Arnold became the first member of her family to go to university, reading English at Oxford, but her aspiration to be a writer vanished when she caught the acting bug: she met her husband, Nicholas, during a production of Under Milk Wood, and worked with Christopher Hampton on his first play, When Did You Last See My Mother?

When she relocated to Exeter after graduation, to train as a social worker, her friends and family were baffled. "I had been educated at the tax payer's expense and social work was worthwhile," she explains. "It was very well thought of back then. You worked with people who wanted to be helped. You could stop a situation getting so bad it went to the courts." By contrast, the status and nature of the profession today has left her disillusioned. "If social work in 1969 was like the profession I left in 2009, I wouldn't have touched it with a bargepole."

Instead, Arnold seems genuinely delighted by her belated spell in the limelight: "Having been this humdrum person all my life, it's really quite nice." She talks in glowing terms about "connecting" with readers, and about collaborating with a group that uses fiction for therapeutic purposes. She is writing her second novel, returning to the 19th century and again examining one of its best known figures. (She is keeping the identity secret).

I ask whether Arnold has any regrets – about roads not taken, or not taken sooner. Only one, she says. "I left it a decade too late for my mother to see my success. She never understood why I chose social work and would have been extraordinarily proud. She would have loved to have bored all her friends about how wonderful I was."

From the story 'Telling Radnor' in Lying Together, By Gaynor Arnold (Tindal Street Press £12.99)
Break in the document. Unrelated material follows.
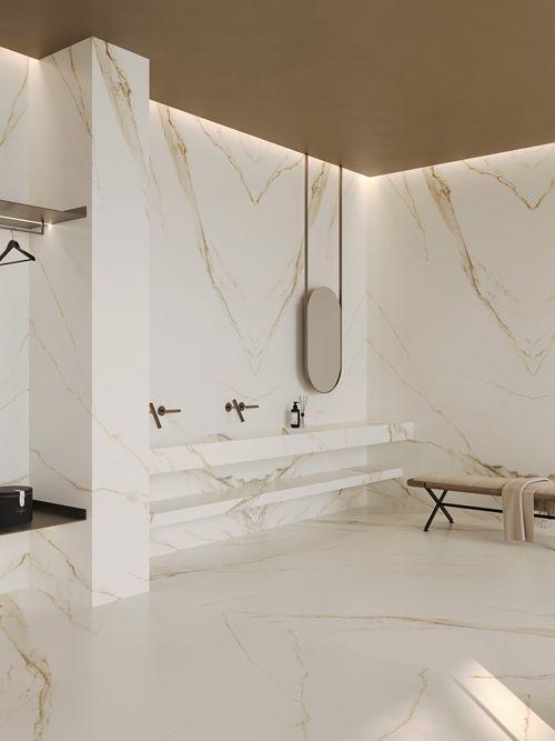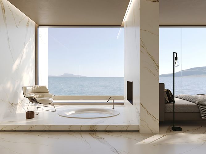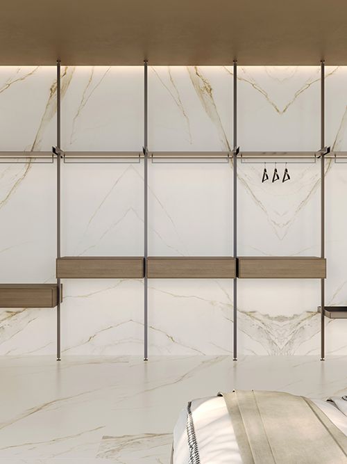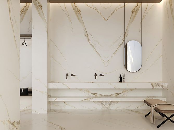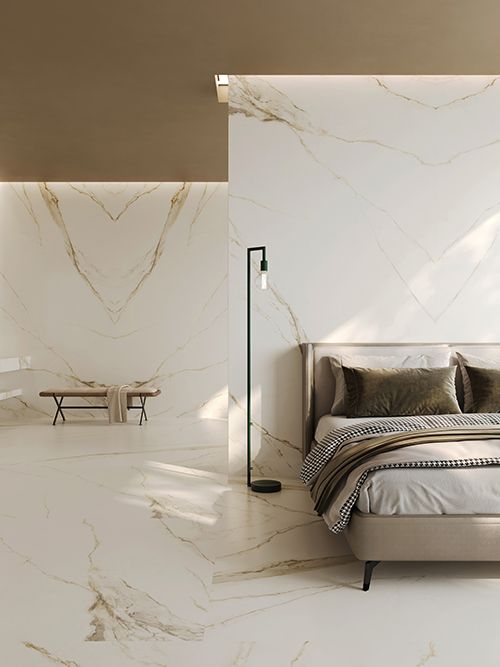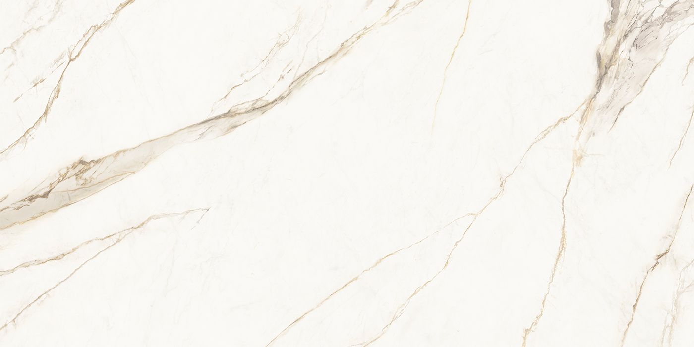 金色的高贵与典雅,从表层到里层,不同的金色色调自然地浸刻到版面当中,底色素雅端庄的淡金色,让素材保留了卡拉卡塔石材的纯粹,根状石纹自然延展而开,金色如同丹青素绘尽情刻画其中,同时与底色形成墨染般的自然过渡,晶体状的细节尽显自然华贵,勾勒出皇家御用的自然原石经典。

"This job's only meant to be temporary, just to tide me over after giving in my notice at the school. But I'm feeling the grass grow. I've done all the work he begged me to take on and I feel frustrated. I'm a mathematician, not a bookkeeper, but it's all numbers to Clive. He's doing well; he's got an eye for what he wanted. Meanwhile I'm stuck in the office like a lemon, getting sourer all the time. I keep telling myself it can't be for much longer."